32 . The period of limitation runs from the day following the day on which the offence was committed or was discovered. For offences consisting in the non-performance of a duty, the period of limitation runs from the day following the last day of the period allowed for the performance of the duty in question (point 14).
33 . A “continuing offence” is “an offence consisting in prolonged and uninterrupted non-performance or inadequate performance of a statutory duty”. Failure to perform a statutory duty by the prescribed time-limit is not a “continuing offence”. The date of discovery of a “continuing offence” is the date on which the officer authorised to draw up the report on an administrative office discovers that the offence has been committed (point 14).
COMPLAINTS
34 . The applicants complain under Article 10 of the Convention that the excessive and unprecedented fines constitute disproportionate interference with their right to freedom of expression and have a “chilling effect” on the independent media. The applicants in the second case additionally complain that the “foreign-agent” notice undermines the credibility of its reporting on matters of public concern conveying, as it does, a clear implication of being “an enemy of the State” and is also impossible to implement on certain platforms such as Twitter because of its length.
35 . The applicants in the first case complain under Article 14 of the Convention, taken in conjunction with Article 10, that they were put at a disadvantage in comparison with media receiving funding exclusively from Russian sources. They were arbitrarily subjected to additional reporting requirements, including an obligation to submit quarterly reports which did not apply to media funded from Russian sources or to non-media companies and which was enforced through excessively harsh sanctions ranging from one to two times the amount of non-reported sums.
36 . The applicants in both cases complain under Article 18 of the Convention, read in conjunction with Article 10, that the interference with their right to freedom of expression was politically motivated to punish them for independent editorial policy and publications critical of the authorities in an attempt to induce them and other media to abandon their role of a “public watchdog”.
QUESTIONS TO THE PARTIES
1. Has there been a violation of Article 10 of the Convention –
(a) in the second case, on account of the labelling requirements applicable to “foreign-agent” mass media organisations?
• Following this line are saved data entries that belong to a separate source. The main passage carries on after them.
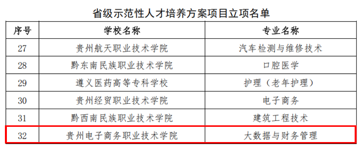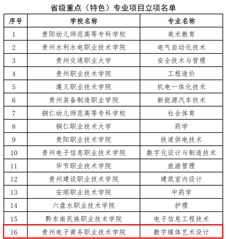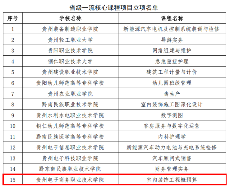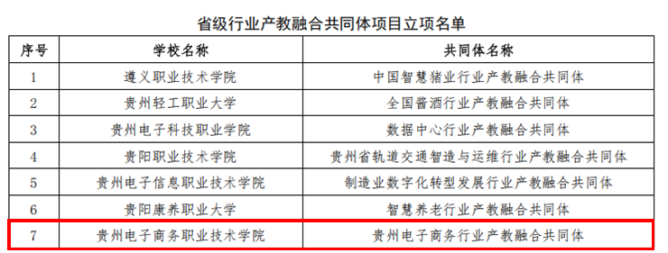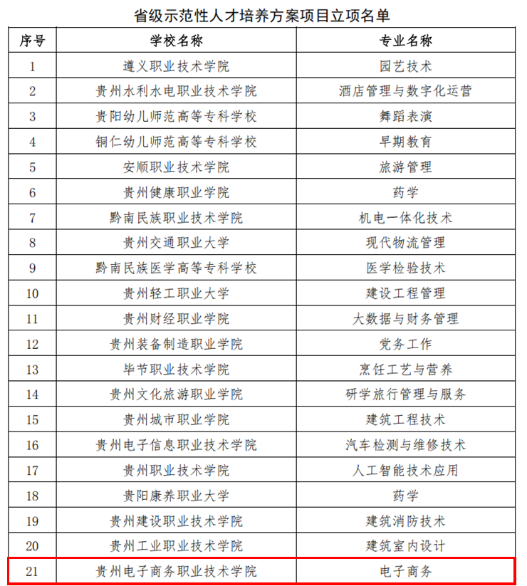 近日,2025年下半年贵州省职业教育“技能贵州”行动计划项目评审结果正式公布,贵州电子商务职业技术学院申报的信息化标杆学校、贵州电子商务行业产教融合共同体、室内装饰工程概预算一流核心课程、数字媒体艺术设计重点专业、电子商务专业和大数据与财务管理专业示范性人才培养方案6个项目获得立项。
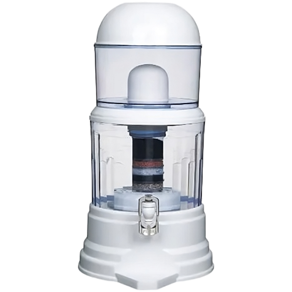 Filtro Purificador De Agua Bioenergético sin Electricidad con una capacidad total de 16 Litros. El purificador de agua tiene un sistema de filtrado que asemeja el filtrado que realiza la naturaleza, de esta manera contribuye a proporcionar agua saludable.
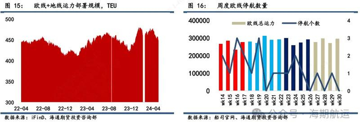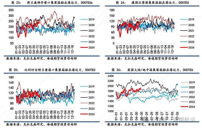 3.运力供给端:6月运力规模偏中性,周度平均运力28.1万TEU,环比5月下降2.4%。THE运力显著扩张,6月周均运力环比增加15.6%至6.7万TEU,主要是因为其暂无停航。2M周均运力显著收缩,环比下降11.4%至约7万TEU,wk23和24各一个停航,其余航次船舶推迟到港情况严重,船期较为混乱。OA在6月周均运力环比下降5.3%,wk23和24各一个停航。5月中旬欧洲在港集装箱船运力环比上行2.7%至192万TEU,去年11月以来最高水平。
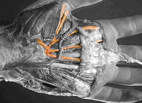 Another view of the median nerve, highlighted in yellow. It emerges from under the transverse carpal ligament and can clearly be seen to innervate the thumb, index, middle and ring fingers. Also clear is the branch innervating the thenar muscle group.
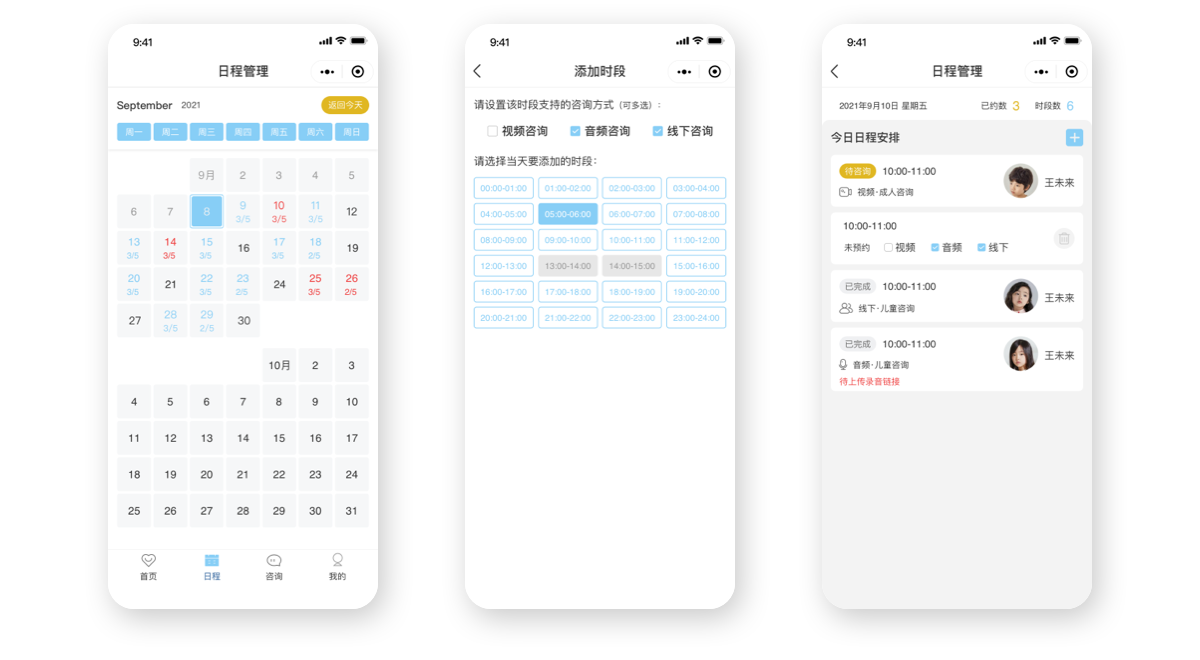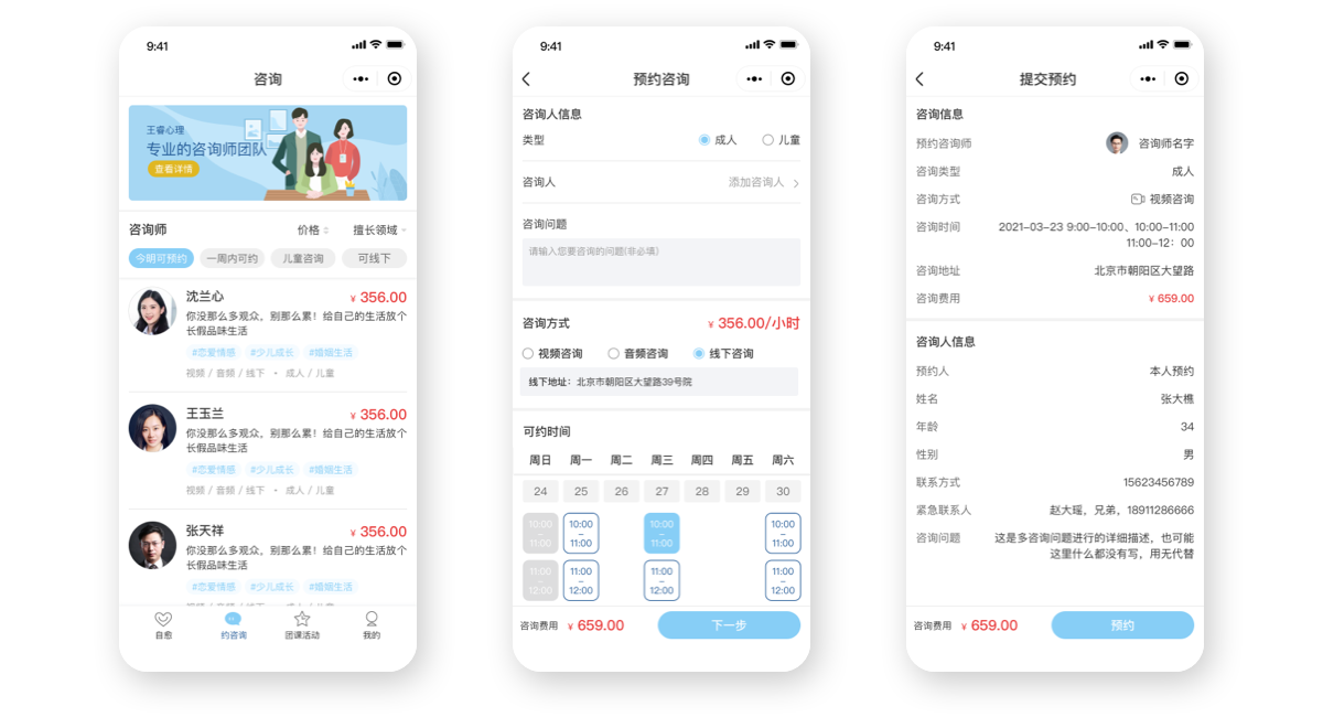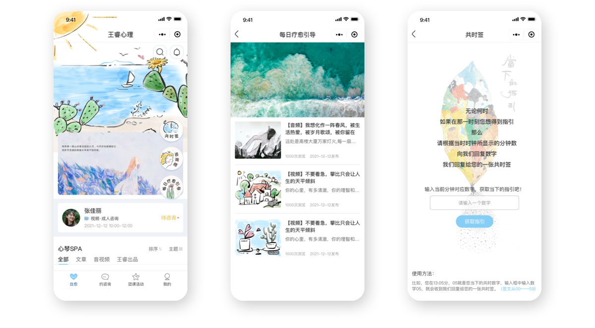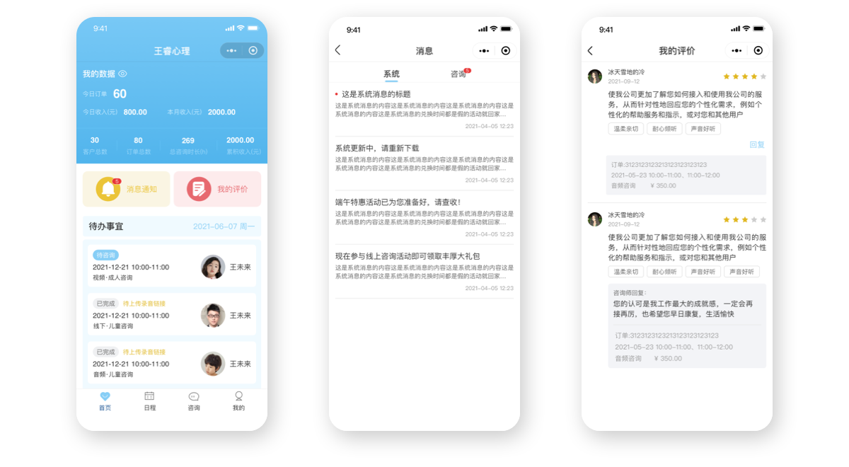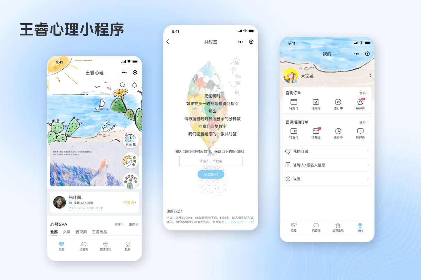 王睿心理咨詢小程序是為王睿心理咨詢工作室開發(fā)的,包含咨詢師端和用戶端兩個端口的線上心理咨詢小程序??梢詭椭湓谛睦碜稍冾I(lǐng)域開展更多心理服務(wù)。下面是王睿心理小程序的相關(guān)頁面介紹。
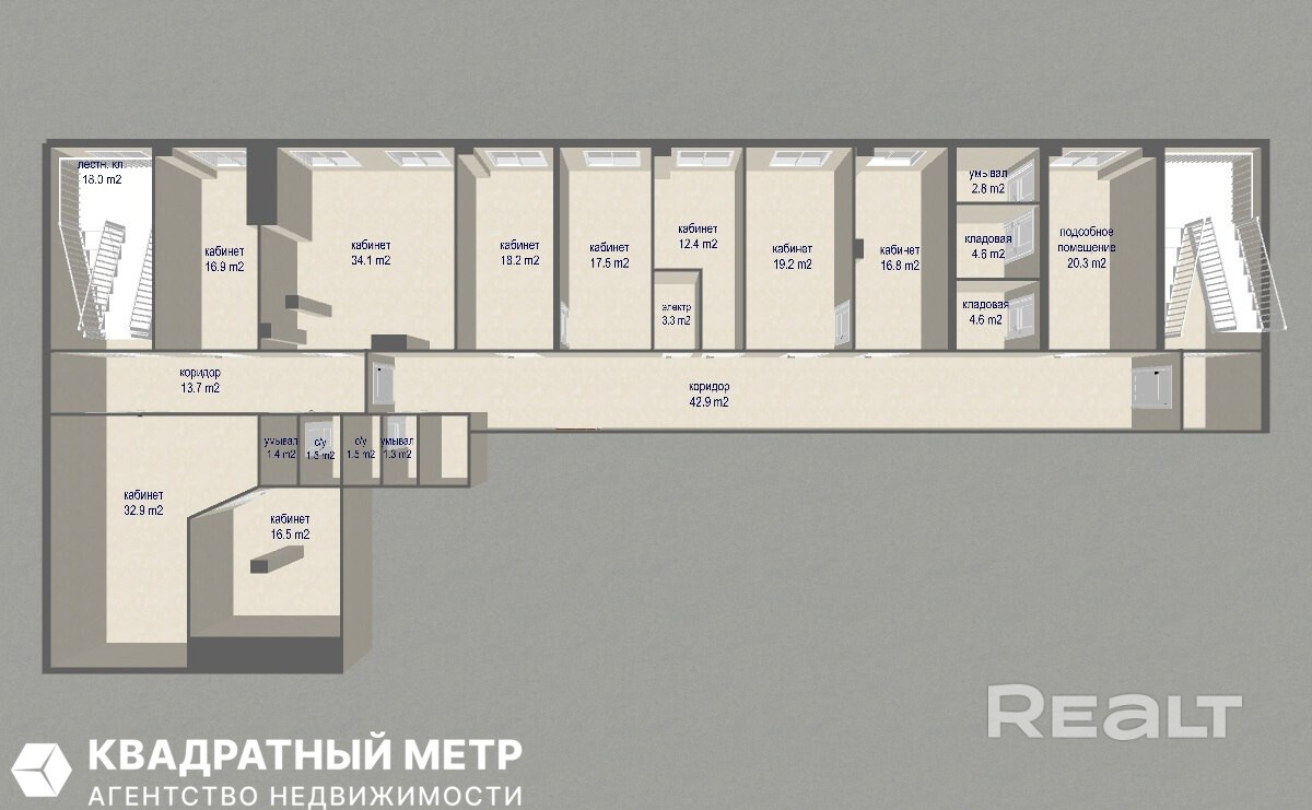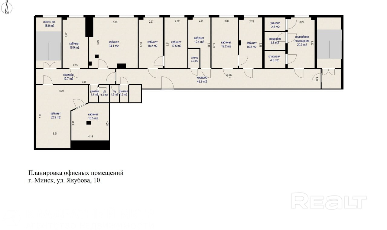 - Внутренняя инфраструктура: 9 офисов, 2 санузла, 3 кладовые, 1 подсобное помещение.
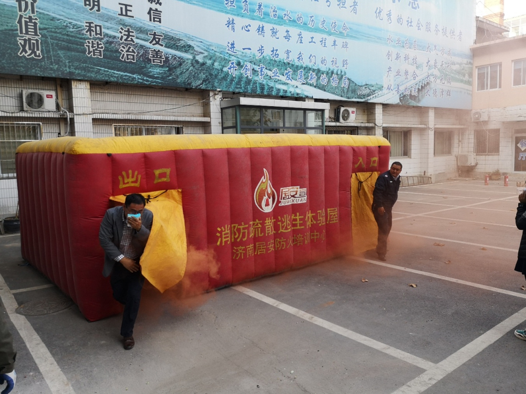 本次培训由居安防火培训中心裴主任授课,结合近期重大火灾案例、消防安全基本常识、常见火灾起因、逃生的要点进行了详细讲解,对常见消防设备的配置及正确使用方法进行了演示,还针对日常生活中常出现的电器起火、厨房火灾、楼道起火等情况进行了特别讲解,使参培人员掌握了常见消防器材的基本操作和使用。在应急演练中,借助消防疏散逃生体验屋模拟火灾现场的真实状况,让参培人员切身体验火灾逃生过程。随后,裴主任演示了灭火器的正确使用方法、步骤、和灭火姿势,安排参培人员现场实操灭火。整个逃生演练及灭火实操按预练方案有序进行,达到了预期效果。

(b) in both cases, on account of the cumulative amount of fines for alleged failures to comply with the “foreign-agent” legislation?
2. Were the applicants in the first case subjected to a differential treatment on account of their political opinion, in violation of Article 14 of the Convention, read in conjunction with Article 10?
3. Were the restrictions provided for in Article 10 of the Convention applied for any purpose other than those for which they were intended, in violation of Article 18 of the Convention?